NUTRITION MYTHS EVERY EXPECTING MOTHER SHOULD KNOW ABOUT

Here’s five nutrition myths that every expecting mother should know. The take home message is simply to trust that real food is optimal in pregnancy. Any “expert” who tries to convince you that you need fortified cereal, must avoid some of nature’s most nutrient-dense foods and should go low fat while you watch your weight during pregnancy, hasn’t dug deep enough into the research.

1. A LOW-FAT DIET CANNOT BE (SCIENTIFICALLY) HEALTHY

A baby’s brain is 70% fat so limiting mom’s dietary fat means limiting baby brain development. In fact high-fat foods (especially of animal origin) have always been central to reproductive health in traditional cultures. Examples of these foods include foods eggs, organ meats, tallow, and fatty fish. They provide an abundance of vitamins A, D, E, and K and omega-3, DHA, that are needed in higher amounts during pregnancy.

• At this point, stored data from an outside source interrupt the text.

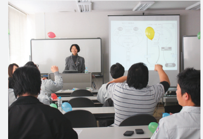
ヒューマンエラーを防ぐための脳力UPトレーニング

建設現場の最前線で活躍する従業員の安全を確実にするため、1月23日(火)社員研修を実施しました。脳のメカニズムに基づく安全への意識改善と、環境づくりのための脳力UPトレーニングを実施。実際の現場でも事前に危険を予知し、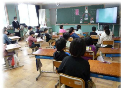
いじめは絶対にダメ

人権擁護委員の皆様4名をお迎えして、3年生と4年生で「人権教室」に取り組みました。「いじめ」という行為を例に、登場人物それぞれの気持ちを通して、他人への思いやりやいたわりの心といった人権尊重意識を養うことがねらいです。子どもたちは、ビデオの視聴を通して、「いじめにあったり、いじめを見かけたりしたら、ためらわずに大人に相談すること。」「いじめを見て見ぬふりをするのもいじめであること。」などを学ぶことができました。「いじめをしない・いじめをさせない・いじめを許さないみなみ学園」を一人一人が意識して行動するよう、今後も声をかけていきます。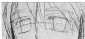
② 在确定好的眼睛位置上画出眼睛的轮廓, 因为画面的视角略带了一点仰视角度, 所以眼睛的弯曲度呈向上的弧线。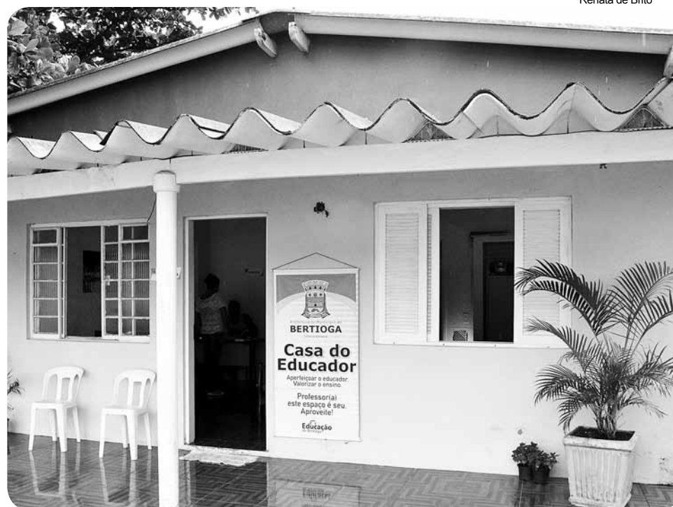
Casa do Educador está funcionando na Avenida Henrique Costábile, 206, no Centro

O pilates é um método de condicionamento físico e mental, que conta com exercícios suaves que proporcionam alongamento e a fortificação do corpo. Melhora a respiração, diminuir o estresse, desenvolver consciência e equilíbrio corporal. A atividade está à disposição todas às sextas-feiras, em quatro turmas, duas de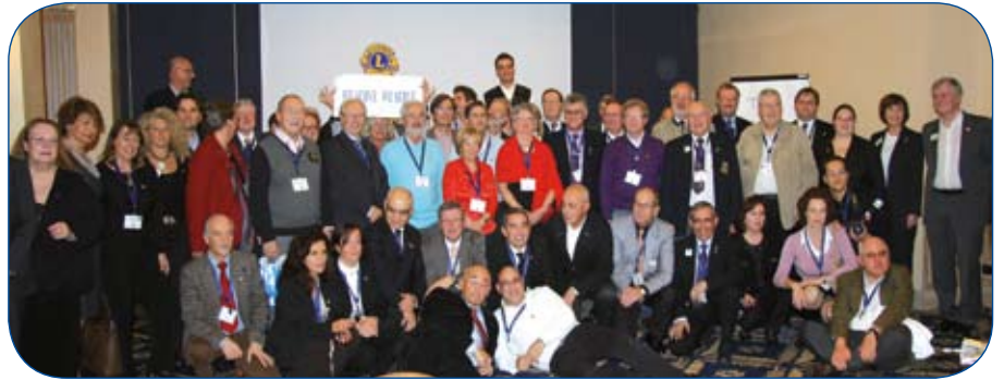
Senior Lions Leadership Institute in Bologna: Abschiedsfoto mit allen „Schülern und Lehrern“.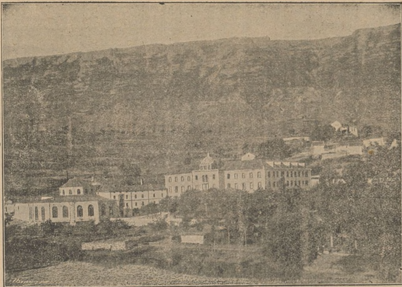
Vista del Balneario de Zuazo (Alava).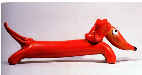
Venini, design Napoleone Martinuzzi, 1930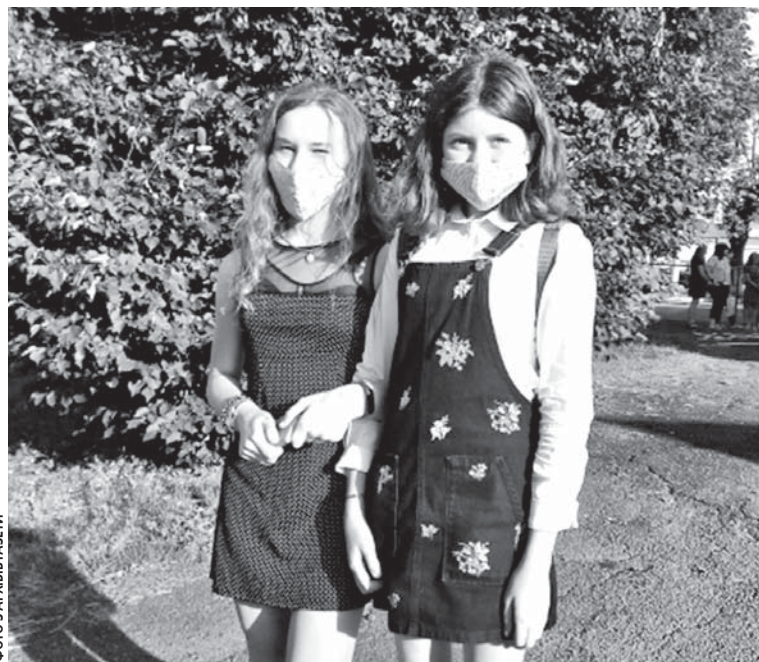
ФОТО З АРХІВІВ ГАЗЕТИ

Все ж до кінця першого семестру середня і старша ланки школи повернулися до тради-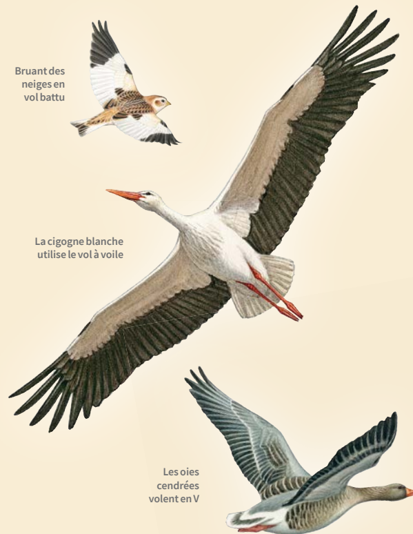
Bruant des neiges en vol battu

Le vol en V des migrateurs grégaires permet aux oiseaux, situés derrière l'oiseau qu'il succède, de profiter de l'aspiration de ce dernier et donc d'économiser de l'énergie.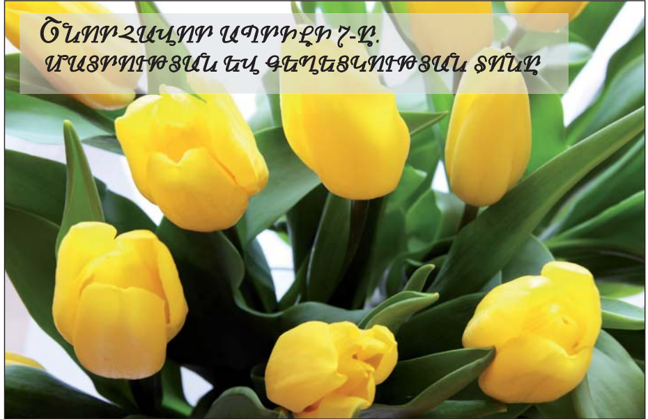
ՇՆՊՐԶԱԿՆԵՐ ԱԳՐՈՒՄԻ ԴՆԵՑՆԵՐ ՄԱՅՐՈՒՄԻ ՄԱՍ ԵՎ ԳԵՂԵՑՆԱԿՆԵՐԻ ՄԱՍ

Այն իրականացվում է հանրապետության 6 մարզի (Արագածոտն, Լոռի, Շիրակ, Տավուշ, Գեղարքունիք, Սյունիք) 55 համայնքում: Ինստրուկցիաների հաշվին, ծրագիրն իրականացվելու է լրացուցիչ և 35 համայնքում: Նպատակը՝ աջակցել անասնապահական ուղղվածություն ունեցող բարձրընթացային և սահմանափակ համայնքներին՝ հեռագնա արտադրության անցանկիության ապահովման, ջրաբերացման, դեզարդացված արտադրության վերականգնման, ինչպես նաև կաթի ընդունման և վերամշակման կարողությունների ստեղծման միջոցով: Համայնքներում ստեղծվելով արտադրագործողների սպառողական կոոպերատիվներ՝ խորհրդարանական համակարգի միջոցով աջակցություն կցուցաբերվի նորարարական տեխնոլոգիաների ներդրմանը, անասնաբուժական և փոխմային աշխատանքների բարելավմանը: ՀՀ գյուղատնտեսության նախարարության աշխատակազմի գյուղատնտեսության զարգացման ծրագրերի վարչության պետ Գրաշյա Շպիտեյանը նշեց, որ սպառողական կոոպերատիվներ են հիմնադրվել 67 համայնքում, իսկ 47-ում՝ ավարտվել են արտադրատեղի ջրաբերացման համակարգերի շինարարական աշխատանքները: Մասնավորապես՝ կառուցվել է 114 կմ ջրագիծ, տեղակայվել 150 խմբ: Արդյունքում լիարժեք օգտագործելի են դարձել շուրջ 100 հազ. հա հեռագնա արտադրեր, 60 հազ. որ սպառողական կոոպերատիվներ ծանրաբեռնվածության մեղմման արդյունքում բարելավվել է բնապահպանական վիճակը: 48 համայնքի «Արտադրագործողների միավորում» սպառողական կոոպերատիվներին տրամադրվել է 66 միավոր անիվապոր տրակտոր և 258 միավոր գյուղատնտեսական այլ տեխնիկա: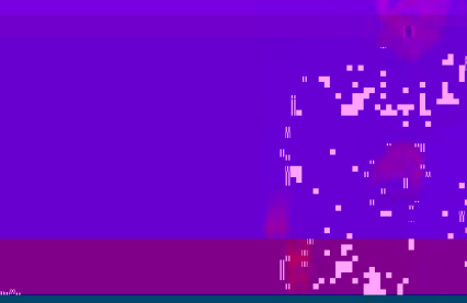
党委书记朱善璐到教育学院调研

养工作等方面，详细了解了学院的发展现状，并就如何进一步发挥教育学院的引领作用，推动学校教育教学改革，提高人才培养质量，促进学校内涵建设，实现“十二五”发展目标，提出了明确要求。朱书记强调，教育学院作为学校的重要职能部门，要紧紧围绕学校中心工作，主动服务、积极作为，为学校的改革发展和人才培养做出更大的贡献。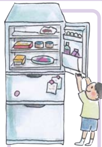
れいぞうこ 冷蔵庫 Refrigerator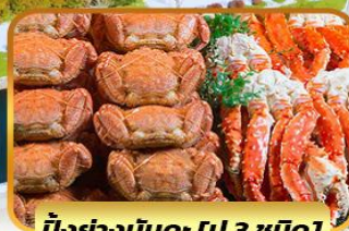
บ๊องย่างมันตะ [ปู 3 ชนิด]

Restricting fat limits your (and more importantly your baby’s) access to these nutrients. The classic advice to “eat lean meat” ends up limiting the quantity of glycine in the diet, an amino acid that is critical for normal cardiovascular development and tissue development in a growing baby. The primary sources of glycine are the skin, bones, and connective tissue of meat, poultry, and fish. So, enjoy the crisp skin on your chicken, relish some yummy pulled pork, and don’t trim the fat off your steak.

Clearly, the whole idea of eating a low-fat diet, pregnant or not, is not founded on solid scientific evidence.

2. EATING HIGH CARB IS ACTUALLY PHYSICALLY CHALLENGING

Eating for two is physically impossible. With an ever-increasing sized baby on board, all of your organs are being squashed under your ribs. There’s simply not the room to eat more than you normally would. Eating nutrient dense food is really the only way to get the energetic nutrients you and the baby need during pregnancy.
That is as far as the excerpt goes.